● **EXERCISE INSTRUCTIONS**
Output the data below only from the line containing "Great comet of" up to and including the line containing "English Park in Peterhof. A photo 1900.", exact and with the pictures left out.

● **SOURCE DATA**
-*-*-

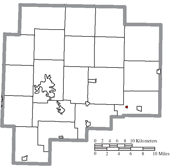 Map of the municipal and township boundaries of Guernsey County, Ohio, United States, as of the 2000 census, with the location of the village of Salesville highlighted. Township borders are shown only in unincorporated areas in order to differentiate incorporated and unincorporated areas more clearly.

-*-*-

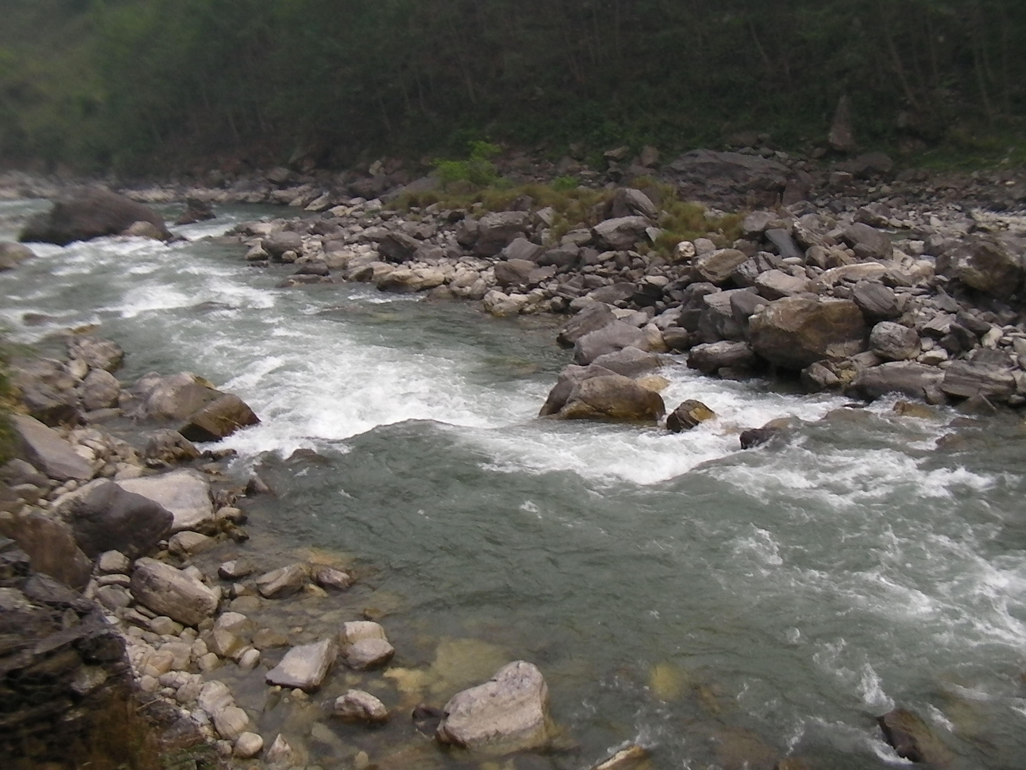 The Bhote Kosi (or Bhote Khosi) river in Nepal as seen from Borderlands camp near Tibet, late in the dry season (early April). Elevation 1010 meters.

-*-*-

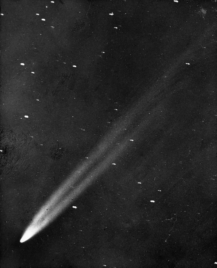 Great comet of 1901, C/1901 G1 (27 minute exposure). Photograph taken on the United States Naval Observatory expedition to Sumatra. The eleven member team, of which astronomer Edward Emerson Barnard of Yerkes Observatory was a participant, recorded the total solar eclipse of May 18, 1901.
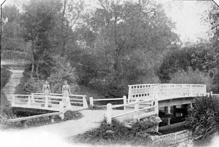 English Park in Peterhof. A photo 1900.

-*-*-

● **SOLVED EXERCISE**
 Great comet of 1901, C/1901 G1 (27 minute exposure). Photograph taken on the United States Naval Observatory expedition to Sumatra. The eleven member team, of which astronomer Edward Emerson Barnard of Yerkes Observatory was a participant, recorded the total solar eclipse of May 18, 1901.
 English Park in Peterhof. A photo 1900.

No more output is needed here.